И, не отпуская ее локоть, повлек ее в темноту, понес в горсти, ловко маневрируя между могильными плитами, и впрямь заминировавшими весь пол. Клара зажмурила глаза и доверилась его сильной руке – под ее прикрытием она готова была идти куда угодно.
– Ну, вот она, твоя дверь, можешь достать свою драгоценную карточку. Но сперва надо найти, куда ее вставлять, – произнес голос Яна, и Клара открыла глаза. Перед ней была прочно вправленная в древнюю стену неуместно современная стальная дверь без дверной ручки. Там, где следовало бы быть ручке, в тело двери была впрессована маленькая эмалевая пластинка, рассеченная пополам узкой щелевидной прорезью.
– Вот сюда и вставляй, – палец Яна ткнулся в щель и мгновенно отдернулся. – Ах, прости, мне небось этой щели и касаться запрещено, раз мне отказали.
– Ну и не касайся, – с притворным легкомыслием отозвалась Клара, силясь скрыть все возрастающее в ней чувство неловкости и вины. – А я пойду, мне пора.
Она потянулась было поцеловать его, но передумала, встревоженная мельканием теней в сумеречном пространстве за свечами. Черт его знает, может кто-то следит за ней из темноты – Ури, Меир или кто-нибудь другой, о чьем существовании она даже не подозревает. Прерванное на полпути движение по направлению к Яну застигло Клару на взмахе руки с зажатой в пальцах карточкой. И она, чтобы не выдать свое первоначальное намерение, почти автоматически сунула карточку в щель, хотя вовсе не собиралась расстаться с Яном так внезапно, даже не назначив с ним встречу на вечер.

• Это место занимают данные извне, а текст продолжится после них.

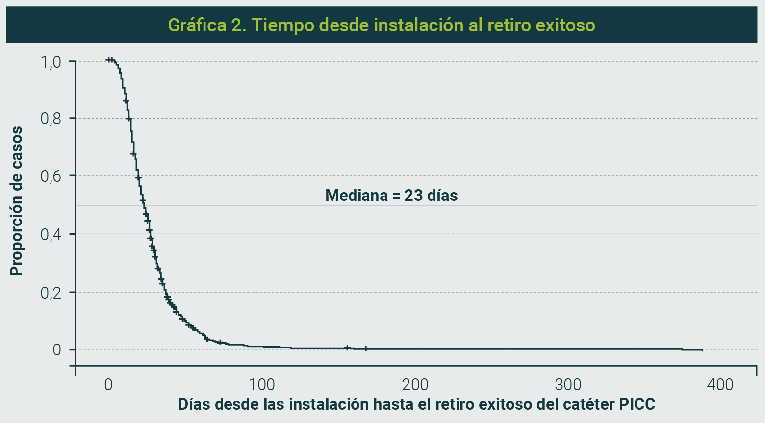 La permanencia del catéter tuvo una mediana de 23 días y alcanzó un máximo de 388 días (Gráfica 2).

Однако думать об этом было уже поздно, потому что, едва она вставила карточку в щель, там что-то щелкнуло, и дверь, проглотив карточку, начала бесшумно отворяться, образуя узкий проход. За дверью оказалась небольшая, тускло освещенная площадка, в центре которой уходила куда-то далеко вниз крутая винтовая лестница. Не решаясь так сразу, не прощаясь, покинуть Яна, и без того огорченного своей неудачей, Клара замешкалась на пороге, в ответ на что дверь тут же завыла дурным голосом и стала не спеша закрываться. Чтобы не дать двери захлопнуться у нее перед носом, Клара поспешно ринулась в сужающийся проход. Под давлением ее тела дверь дрогнула и замолкла, чуть покачиваясь в петлях, словно решала, закрываться ей окончательно или нет.
Понимая, что удержать своенравную дверь надолго ей не удастся, Клара обернулась к Яну и прошептала: «Жди меня» – в этих стенах ее голос почему-то сам собой опустился до шепота. На что Ян, встрепенувшись, заявил, что он ждать не намерен и пойдет в хранилище вместе с нею. И, отжимая дверь крепким плечом, начал протискиваться на площадку вслед за Кларой, которая застыла в зазоре между дверью и стеной, не отталкивая Яна, но и не впуская.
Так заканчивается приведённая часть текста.